§ Task objective
A verbatim copy of every record is required, and no pictures should be included.

§ Available data
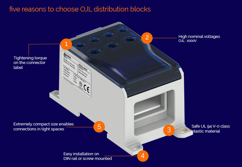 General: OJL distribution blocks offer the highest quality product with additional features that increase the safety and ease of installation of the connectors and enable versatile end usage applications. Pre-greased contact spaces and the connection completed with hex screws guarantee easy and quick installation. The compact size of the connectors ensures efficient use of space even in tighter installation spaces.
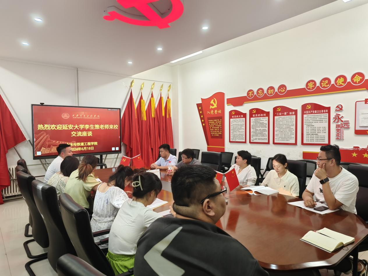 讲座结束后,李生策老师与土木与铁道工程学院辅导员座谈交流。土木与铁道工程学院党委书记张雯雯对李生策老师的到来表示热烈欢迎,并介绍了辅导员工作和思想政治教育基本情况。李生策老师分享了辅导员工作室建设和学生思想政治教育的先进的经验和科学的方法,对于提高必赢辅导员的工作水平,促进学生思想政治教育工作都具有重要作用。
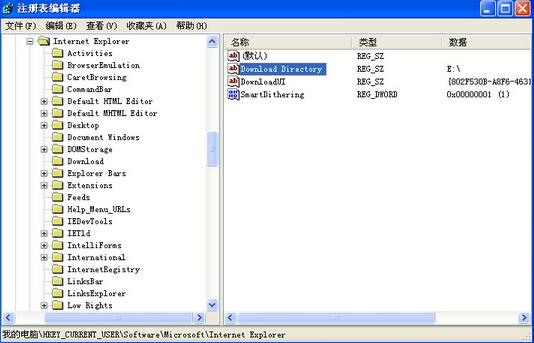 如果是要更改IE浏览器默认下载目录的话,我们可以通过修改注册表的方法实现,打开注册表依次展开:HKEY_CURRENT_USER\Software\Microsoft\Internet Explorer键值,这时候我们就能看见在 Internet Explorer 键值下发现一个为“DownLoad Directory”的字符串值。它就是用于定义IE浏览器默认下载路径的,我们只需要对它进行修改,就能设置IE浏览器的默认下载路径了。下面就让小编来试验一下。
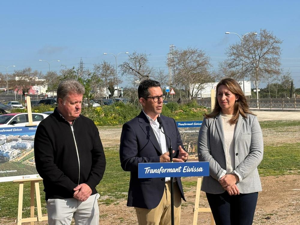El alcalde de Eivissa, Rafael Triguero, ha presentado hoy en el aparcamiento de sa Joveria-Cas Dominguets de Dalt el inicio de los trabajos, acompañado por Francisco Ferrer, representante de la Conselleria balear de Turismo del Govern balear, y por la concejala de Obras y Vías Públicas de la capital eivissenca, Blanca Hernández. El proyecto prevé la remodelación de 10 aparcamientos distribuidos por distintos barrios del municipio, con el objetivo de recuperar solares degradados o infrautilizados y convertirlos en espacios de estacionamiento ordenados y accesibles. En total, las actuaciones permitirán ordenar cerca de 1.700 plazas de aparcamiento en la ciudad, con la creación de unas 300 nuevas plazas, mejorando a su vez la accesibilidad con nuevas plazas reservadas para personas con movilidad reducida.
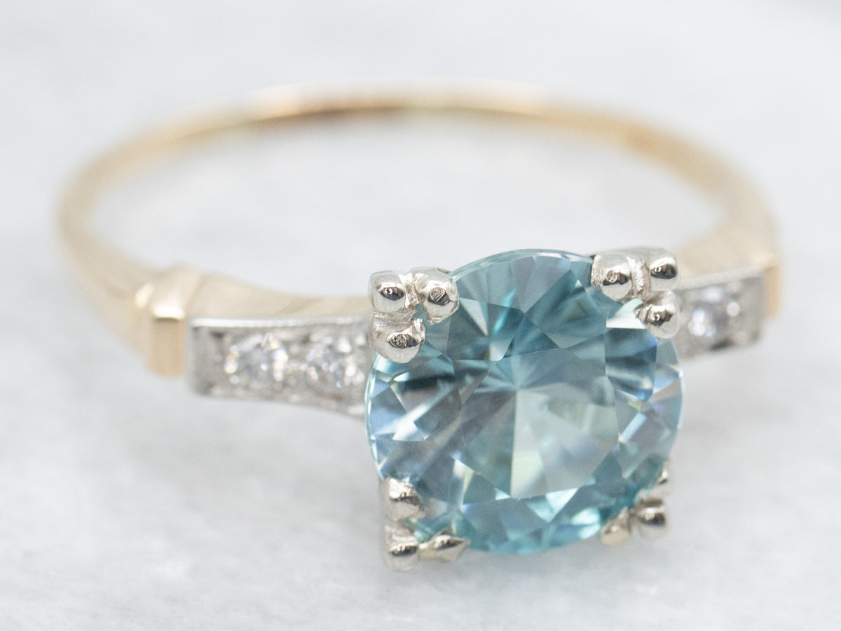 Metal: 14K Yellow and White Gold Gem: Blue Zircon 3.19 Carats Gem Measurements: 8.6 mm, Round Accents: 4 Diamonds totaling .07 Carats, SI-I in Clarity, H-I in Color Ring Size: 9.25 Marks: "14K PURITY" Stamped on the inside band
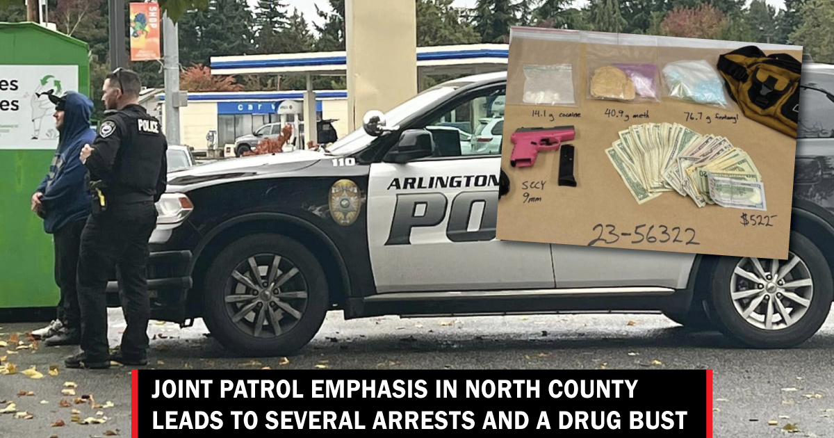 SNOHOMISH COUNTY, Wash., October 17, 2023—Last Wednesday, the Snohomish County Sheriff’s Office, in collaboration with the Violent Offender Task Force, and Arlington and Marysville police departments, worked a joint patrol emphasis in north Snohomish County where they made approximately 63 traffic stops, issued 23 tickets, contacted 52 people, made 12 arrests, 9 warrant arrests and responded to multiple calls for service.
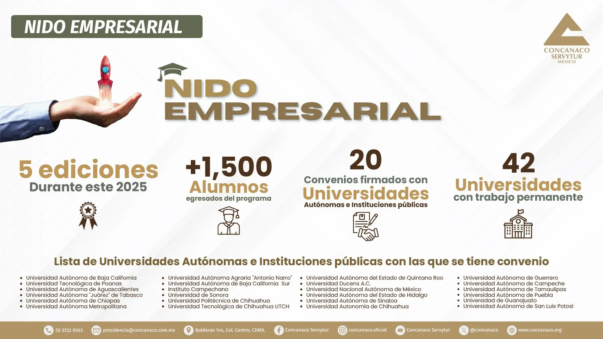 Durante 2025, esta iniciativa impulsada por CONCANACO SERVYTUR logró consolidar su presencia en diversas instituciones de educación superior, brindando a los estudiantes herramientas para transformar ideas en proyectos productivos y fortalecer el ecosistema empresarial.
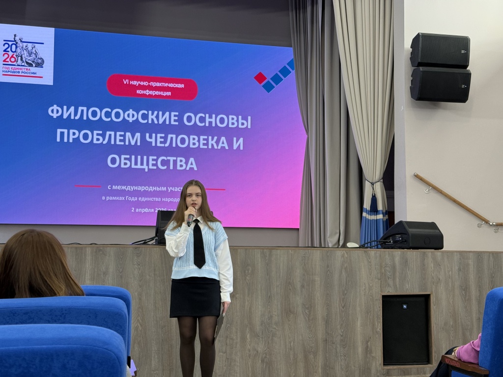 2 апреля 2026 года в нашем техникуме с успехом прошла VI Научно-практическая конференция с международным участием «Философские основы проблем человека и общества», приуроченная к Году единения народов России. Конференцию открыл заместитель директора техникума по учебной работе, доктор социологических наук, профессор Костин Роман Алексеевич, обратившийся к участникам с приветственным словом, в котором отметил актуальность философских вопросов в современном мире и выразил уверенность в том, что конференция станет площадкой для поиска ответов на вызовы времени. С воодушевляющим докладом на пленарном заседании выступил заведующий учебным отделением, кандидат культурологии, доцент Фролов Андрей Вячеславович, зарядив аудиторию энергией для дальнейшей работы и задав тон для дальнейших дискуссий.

§ Answer
 General: OJL distribution blocks offer the highest quality product with additional features that increase the safety and ease of installation of the connectors and enable versatile end usage applications. Pre-greased contact spaces and the connection completed with hex screws guarantee easy and quick installation. The compact size of the connectors ensures efficient use of space even in tighter installation spaces.
 讲座结束后,李生策老师与土木与铁道工程学院辅导员座谈交流。土木与铁道工程学院党委书记张雯雯对李生策老师的到来表示热烈欢迎,并介绍了辅导员工作和思想政治教育基本情况。李生策老师分享了辅导员工作室建设和学生思想政治教育的先进的经验和科学的方法,对于提高必赢辅导员的工作水平,促进学生思想政治教育工作都具有重要作用。
 如果是要更改IE浏览器默认下载目录的话,我们可以通过修改注册表的方法实现,打开注册表依次展开:HKEY_CURRENT_USER\Software\Microsoft\Internet Explorer键值,这时候我们就能看见在 Internet Explorer 键值下发现一个为“DownLoad Directory”的字符串值。它就是用于定义IE浏览器默认下载路径的,我们只需要对它进行修改,就能设置IE浏览器的默认下载路径了。下面就让小编来试验一下。
El alcalde de Eivissa, Rafael Triguero, ha presentado hoy en el aparcamiento de sa Joveria-Cas Dominguets de Dalt el inicio de los trabajos, acompañado por Francisco Ferrer, representante de la Conselleria balear de Turismo del Govern balear, y por la concejala de Obras y Vías Públicas de la capital eivissenca, Blanca Hernández. El proyecto prevé la remodelación de 10 aparcamientos distribuidos por distintos barrios del municipio, con el objetivo de recuperar solares degradados o infrautilizados y convertirlos en espacios de estacionamiento ordenados y accesibles. En total, las actuaciones permitirán ordenar cerca de 1.700 plazas de aparcamiento en la ciudad, con la creación de unas 300 nuevas plazas, mejorando a su vez la accesibilidad con nuevas plazas reservadas para personas con movilidad reducida.
 Metal: 14K Yellow and White Gold Gem: Blue Zircon 3.19 Carats Gem Measurements: 8.6 mm, Round Accents: 4 Diamonds totaling .07 Carats, SI-I in Clarity, H-I in Color Ring Size: 9.25 Marks: "14K PURITY" Stamped on the inside band
 SNOHOMISH COUNTY, Wash., October 17, 2023—Last Wednesday, the Snohomish County Sheriff’s Office, in collaboration with the Violent Offender Task Force, and Arlington and Marysville police departments, worked a joint patrol emphasis in north Snohomish County where they made approximately 63 traffic stops, issued 23 tickets, contacted 52 people, made 12 arrests, 9 warrant arrests and responded to multiple calls for service.
 Durante 2025, esta iniciativa impulsada por CONCANACO SERVYTUR logró consolidar su presencia en diversas instituciones de educación superior, brindando a los estudiantes herramientas para transformar ideas en proyectos productivos y fortalecer el ecosistema empresarial.
 2 апреля 2026 года в нашем техникуме с успехом прошла VI Научно-практическая конференция с международным участием «Философские основы проблем человека и общества», приуроченная к Году единения народов России. Конференцию открыл заместитель директора техникума по учебной работе, доктор социологических наук, профессор Костин Роман Алексеевич, обратившийся к участникам с приветственным словом, в котором отметил актуальность философских вопросов в современном мире и выразил уверенность в том, что конференция станет площадкой для поиска ответов на вызовы времени. С воодушевляющим докладом на пленарном заседании выступил заведующий учебным отделением, кандидат культурологии, доцент Фролов Андрей Вячеславович, зарядив аудиторию энергией для дальнейшей работы и задав тон для дальнейших дискуссий.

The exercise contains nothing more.